__Extracted entries__.
───

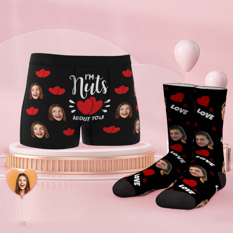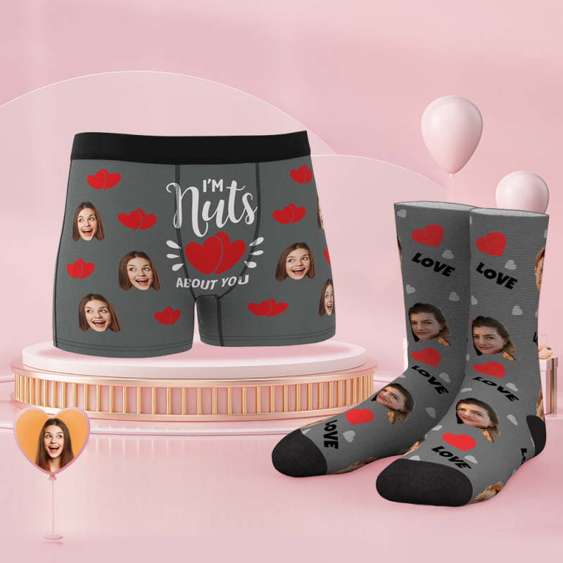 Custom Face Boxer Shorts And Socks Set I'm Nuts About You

───

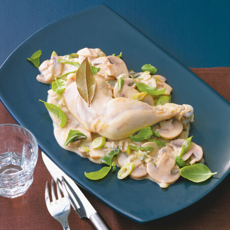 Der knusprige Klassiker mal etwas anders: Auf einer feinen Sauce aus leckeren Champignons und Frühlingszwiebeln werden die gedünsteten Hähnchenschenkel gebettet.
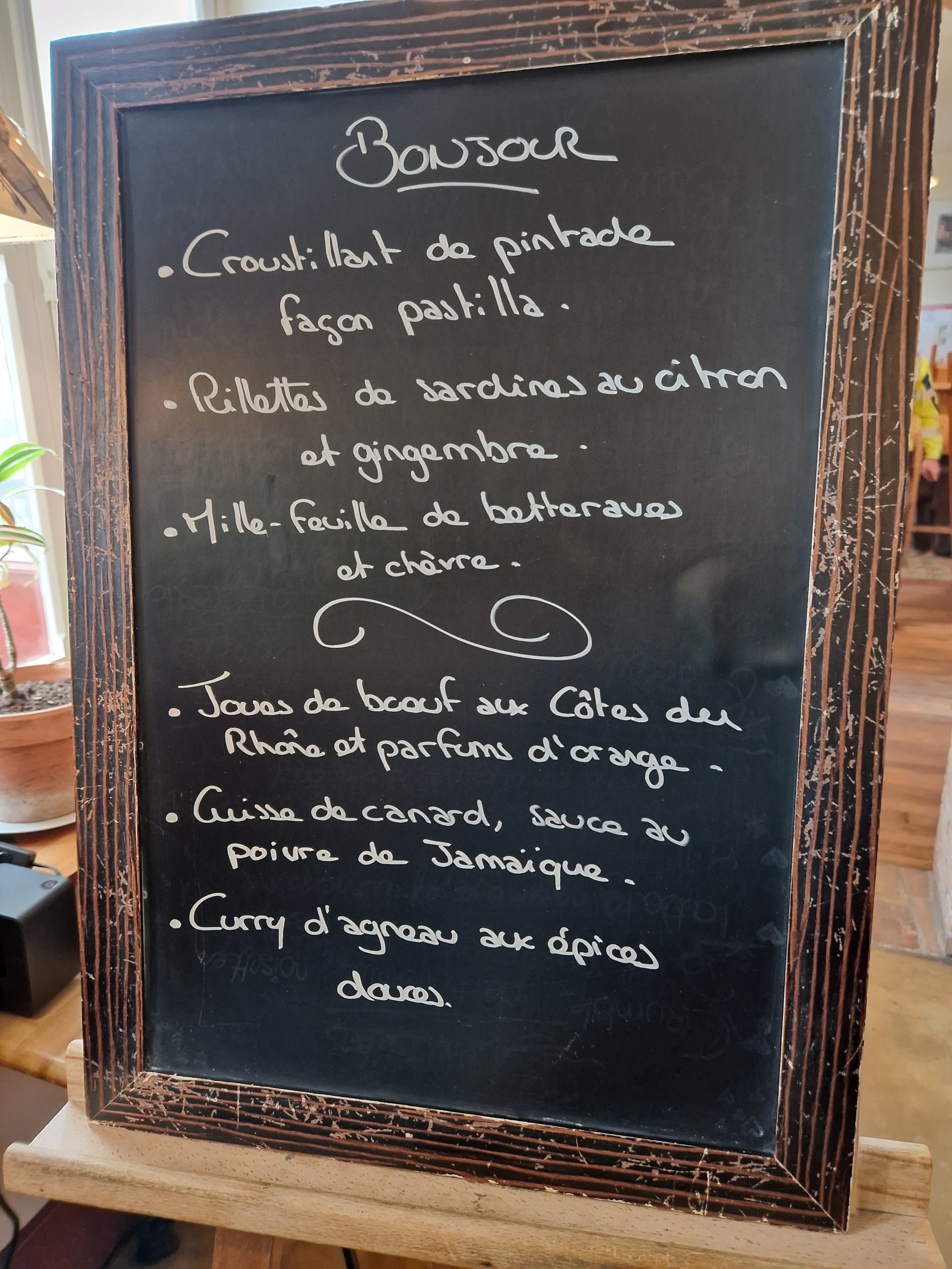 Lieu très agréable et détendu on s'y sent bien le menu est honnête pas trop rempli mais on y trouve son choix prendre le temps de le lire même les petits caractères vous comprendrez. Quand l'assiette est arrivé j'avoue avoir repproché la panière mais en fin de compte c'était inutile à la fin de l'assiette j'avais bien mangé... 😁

───

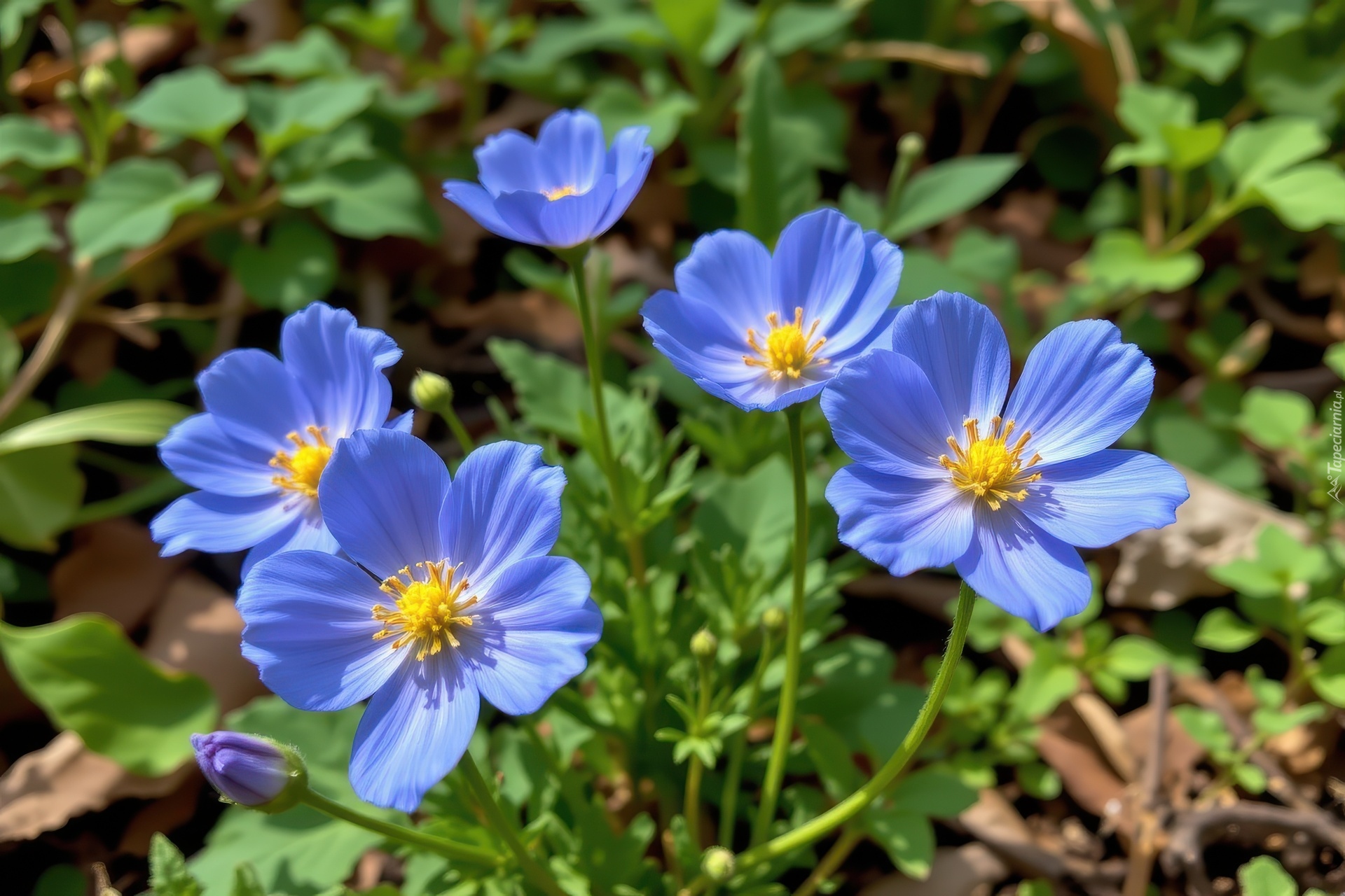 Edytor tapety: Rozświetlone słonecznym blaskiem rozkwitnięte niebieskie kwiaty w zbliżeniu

───

__What you will do__. Reproduce the lines above beginning at the line that contains "Der knusprige Klassiker" and ending at the line that contains "Lieu très agréable". No pictures.

__Response area__.
 Der knusprige Klassiker mal etwas anders: Auf einer feinen Sauce aus leckeren Champignons und Frühlingszwiebeln werden die gedünsteten Hähnchenschenkel gebettet.
 Lieu très agréable et détendu on s'y sent bien le menu est honnête pas trop rempli mais on y trouve son choix prendre le temps de le lire même les petits caractères vous comprendrez. Quand l'assiette est arrivé j'avoue avoir repproché la panière mais en fin de compte c'était inutile à la fin de l'assiette j'avais bien mangé... 😁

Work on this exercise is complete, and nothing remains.